▸ **Problem to work on**
What is needed is a word-for-word transcript of the listing, free of pictures.
(Beginning of Data excerpt)
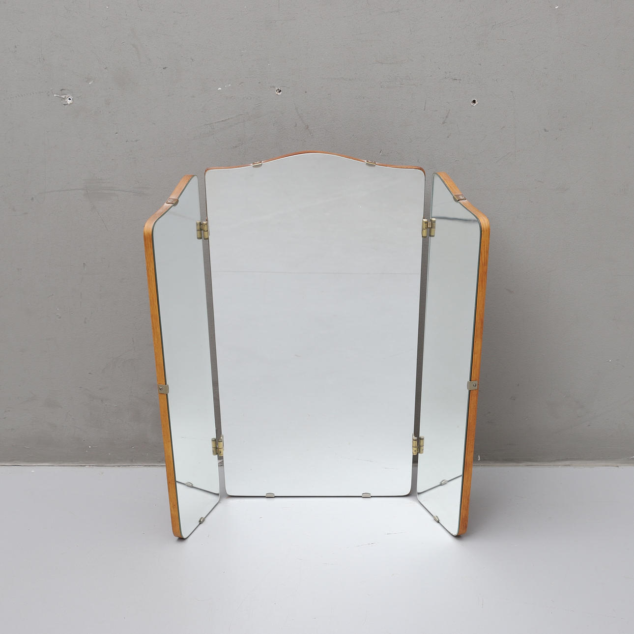 3127705. SPEGEL, tredelad, teak, 1940-tal.
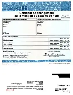 La Cour supérieure du Québec invalide le jeudi plusieurs articles du code civil du Québec jugés discriminatoires à l'égard des personnes trans ou non binaires. Le gouvernement dispose jusqu’au pour proposer l'adoption de nouveaux textes. Cet arrêt permet désormais aux personnes trans de changer leur identité dans les documents de l’état civil. Par ailleurs, les personnes non binaires disposeront d'une existence juridique pour l’état civil. Ainsi, la Direction de l’état civil devra offrir d’autres options que « homme » ou « femme » pour désigner l’identité de genre. Le législateur l'établira par un nouveau texte. La cour juge que les articles 111, 115 et 116 du code civil obligeant un parent non binaire d’être identifié comme « mère » ou « père » d’un enfant — plutôt que comme « parent » — « violent la dignité et le droit à l’égalité » de cette personne. Elle considère également que le législateur doit modifier la section 23 du règlement relatif au changement de nom et d’autres qualités de l’état civil. En effet, cet article prévoit que la « demande de changement de la mention du sexe d’un enfant mineur [de 14 à 17 ans] doit être accompagnée d’une lettre d’un médecin, d’un psychologue, d’un psychiatre, d’un sexologue ou d’un travailleur social […], qui déclare avoir évalué ou suivi l’enfant et qui est d’avis que le changement de cette mention est approprié » alors que cela a été aboli pour les adultes[114].
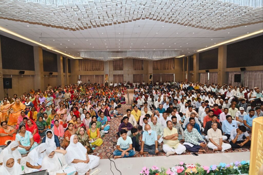 “जीवन जगण्याची जडीबुटी” या विषयावर प्रवचन करतांना गुरुदेवांनी पाच गोष्टी सांगितल्या १)आपल्या स्वभावावर जागृत मन सेट करा-
(End of Data excerpt)
▸ **Answer for the task**
 3127705. SPEGEL, tredelad, teak, 1940-tal.
 La Cour supérieure du Québec invalide le jeudi plusieurs articles du code civil du Québec jugés discriminatoires à l'égard des personnes trans ou non binaires. Le gouvernement dispose jusqu’au pour proposer l'adoption de nouveaux textes. Cet arrêt permet désormais aux personnes trans de changer leur identité dans les documents de l’état civil. Par ailleurs, les personnes non binaires disposeront d'une existence juridique pour l’état civil. Ainsi, la Direction de l’état civil devra offrir d’autres options que « homme » ou « femme » pour désigner l’identité de genre. Le législateur l'établira par un nouveau texte. La cour juge que les articles 111, 115 et 116 du code civil obligeant un parent non binaire d’être identifié comme « mère » ou « père » d’un enfant — plutôt que comme « parent » — « violent la dignité et le droit à l’égalité » de cette personne. Elle considère également que le législateur doit modifier la section 23 du règlement relatif au changement de nom et d’autres qualités de l’état civil. En effet, cet article prévoit que la « demande de changement de la mention du sexe d’un enfant mineur [de 14 à 17 ans] doit être accompagnée d’une lettre d’un médecin, d’un psychologue, d’un psychiatre, d’un sexologue ou d’un travailleur social […], qui déclare avoir évalué ou suivi l’enfant et qui est d’avis que le changement de cette mention est approprié » alors que cela a été aboli pour les adultes[114].
 “जीवन जगण्याची जडीबुटी” या विषयावर प्रवचन करतांना गुरुदेवांनी पाच गोष्टी सांगितल्या १)आपल्या स्वभावावर जागृत मन सेट करा-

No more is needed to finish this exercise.